Opting to rebuild from a clean sheet is a difficult strategic decision, as established systems often transform into legacy constraints that stifle innovation. While it is inherently simpler to maintain momentum through incremental updates, such mature frameworks frequently outperform nascent architectures in their early stages. We have repeatedly chosen the rebuild—committing to the difficult yet necessary path of fundamental rebuilding to ensure our technology remains at the frontier.

Tensor Gradient represents the first self-driving AI to synthesize the strengths of diverse AI approaches, overcoming the weaknesses of any single method through layered intelligence.

Fundamentally Rebuilt, not an Iteration

Autonomous driving will not scale by relying on a single model to solve every driving scenario. It requires systems that can perceive, reason, adapt, and make decisions under uncertainty — on real roads, in real traffic, across the messy long tail of the physical world.

Our team made a decision that most teams avoid: we stopped patching our old traditional AD stack, and started over with a data-driven learning approach in every component and every layer. Tensor Gradient is the result — a completely new self-driving AI, designed and written from scratch. It is not an iteration. It is a new architecture.
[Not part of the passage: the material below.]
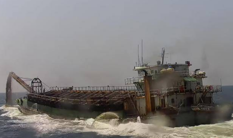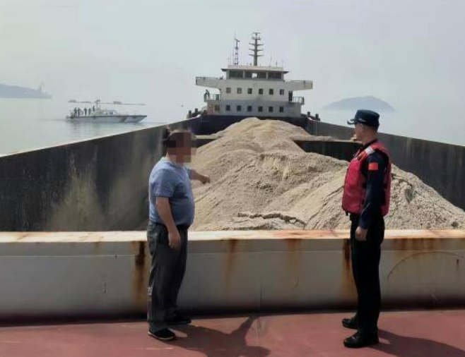 福州海警局執法艇在黑巖島附近海域巡邏時發現1艘裝載有大量砂子的作業船。該船吃水較深,且未開啟AIS等通導設備,形跡十分可疑。海警執法員立即驅船靠近,通過喊話亮明身份,要求其停止作業并停船受檢。該船發現海警執法艇后,立即轉向加速逃竄,同時進行卸砂作業,企圖銷毀證據。

Almost all of the code in Tensor Gradient is completely newly written, built around a single conviction: that safe, scalable Level 4 autonomy is not one model, but a layered intelligence — each layer with a defined role, a fallback, and a reason to exist.

Tensor Gradient is organized as five layers. The top layers give the vehicle humanlike reasoning and end-to-end fluency. The middle layer gives it precise, interpretable, map-aware planning. The bottom two layers exist for one purpose only: to make sure that when something goes wrong, the Tensor Robocar still does the right thing.

‍

‍

This post walks through all five.

Layer 1 — The Agentic AI Layer: a Robocar that reasons

At the top of Tensor Gradient sits the Agentic AI layer, built on a vision-language-action (VLA) model with agentic reasoning capability. Where a conventional driving model maps sensors to trajectories, our VLA model goes further — it reasons, plans, and acts across the driving task, bringing humanlike perception and decision-making to situations that have no clean precedent in the training data.

This is the layer that earns its keep in the hard cases: ambiguous construction zones, gestures from a traffic officer, an unusual detour, or scenarios the fleet has simply never seen enough of to learn statistically. Instead of failing silently or freezing, the agentic layer can interpret intent, weigh options, and explain its choices — providing the interpretability that is critical for safety validation and regulatory collaboration. This agentic approach is particularly adept at handling the long tail where in-house driving data is sparse. For example, our Robocars can recognize UAE traffic signs in Arabic without vast amounts of local street sign data, leveraging Vision-Language Models (VLM) pre-trained on massive Internet-scale datasets.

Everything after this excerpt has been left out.